The notifying module 129 is configured to, in response to receiving the mismatch information from the comparing module 127, prepare and send a notification to the e-commerce platform manager, or prepare and send a notification to the e-commerce platform user, or both. The notification usually contains a warning message about the possible counterfeit of the product.
As shown in FIG. 3A and FIG. 3B, the deep learning module 125, includes multiple convolution layers 1251, a detection module 1253, and a non-maximum suppression (NMS) module 1255.
The convolutional layers 1251 is configured to extract features of the media file at multiple scales from fine to coarse (from left to right layers in FIG. 3B). The number of layers could vary from 5 to 1000 depending on the specific applications. In certain embodiments, the number of convolution layers is about 10-200. In certain embodiments, the number of convolution layers is about 20-50. In one embodiment, the number of convolution layers is about 30. In certain embodiments, the convolution layers may be grouped into several convolution layer groups, and each of the convolution layer group may include 1-5 convolution layers that have similar characteristics, such as using similar parameters for the convolution. The extracted features may include the bounding box locations on the image corresponding to the media file and the corresponding logo labels. For example, as shown in FIG. 4A and FIG. 4B, a media file may include an image 410 of a product. One or more bounding boxes 430 are determined from the image 410. The locations of the bounding boxes 430 may be defined by X, Y coordinate, size and shape. In this example, each of the bounding boxes 430 has a shape of rectangular. In other embodiment, the bounding box 430 may have other types of shapes, such as an oval or a circle. The information shown in the bounding boxes is a logo label, which may include the brand name of the product, or the specific product name of the product. The logo label may be a plain text of the brand name or a logo image of the brand. Once those features are defined, the features are sent to the convolution layers 1253 for recognition.
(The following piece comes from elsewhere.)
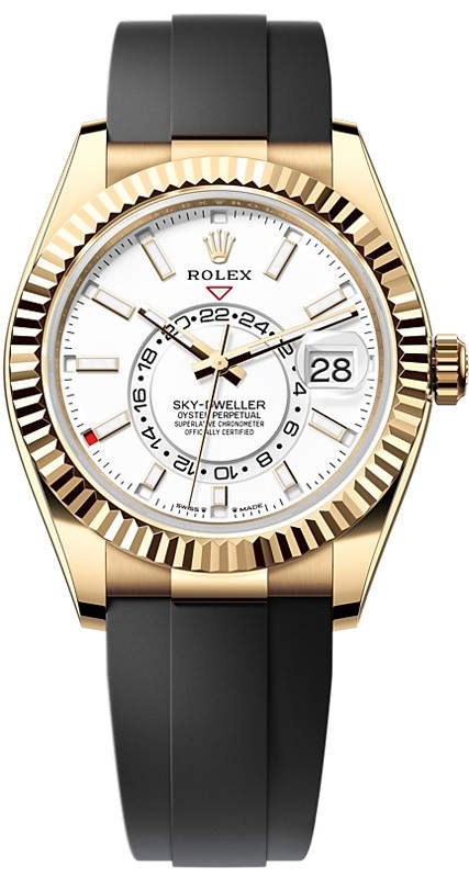 Часы Rolex Sky-Dweller являются официально сертифицированным хронометром COSC, выпущены в круглом корпусе из желтого золота 18к. Размер составляет 42 мм, водонепроницаемость 100 м. Внутри корпуса установлен автоматический механизм, Калибр 9002, обладающий запасом хода 72 часа. На белом циферблате отображаются часы, минуты, секунды, дата, месяц. Годовой календарь. Вращающийся безель. Часы комплектуются каучуковым ремешком с золотой затежкой.

Referring back to FIG. 3B, the features of the image are extracted by the convolution layers from left to right, from fine to coarse, the extracted features from the convolution layers may be in a form of feature maps. Each feature map generated by the corresponding convolution layer may have features corresponding to one or more bounding boxes and labels of the bounding boxes. In certain embodiments, the convolution layers 1251 include 5-1000 convolution layers depending on the specific applications. In certain embodiments, the number of convolution layers is about 10-150. In certain embodiments, the number of convolution layers is about 30. Each of the convolution layers 1251 includes different number of parameters, weights or bias, depending on the structure of the deep learning model. In the example as shown in FIG. 3B, the convolution layers 1251 include eight convolution layers, that is, the first convolution layer 1251-1, the second convolution layer 1251-2, the third convolution layer 1251-3, the fourth convolution layer 1251-4, the fifth convolution layer 1251-5, the sixth convolution layer 1251-6, the seventh convolution layer 1251-7, and the eighth convolution layer 1251-8. In certain embodiments, the convolution layers 1251 have less and less parameters from convolution layer 1251-1 to 1251-8, and the processing speed is faster and faster from convolution layers 1251-1 to 1251-8. The first convolution layer 1251-1 receives the copy of the media file, and performs the convolution to generate a first feature map. In certain embodiments, the first convolution layer 1251-1 may also be a group of 3-4 convolution layers that has similar parameters. The second convolution layer 1251-2 receives the first feature map, and performs convolution to obtain the second feature map, the second feature map . . . The eighth convolution layer 1251-8 receives the seventh feature map from the seventh convolution layer 1251-7, performs convolution on the seventh feature map, to generate the eighth feature map. In certain embodiments, the parameters from 1251-1 to 1251-8 are less and less, and the feature maps from the first to the eighth are from fine to coarse.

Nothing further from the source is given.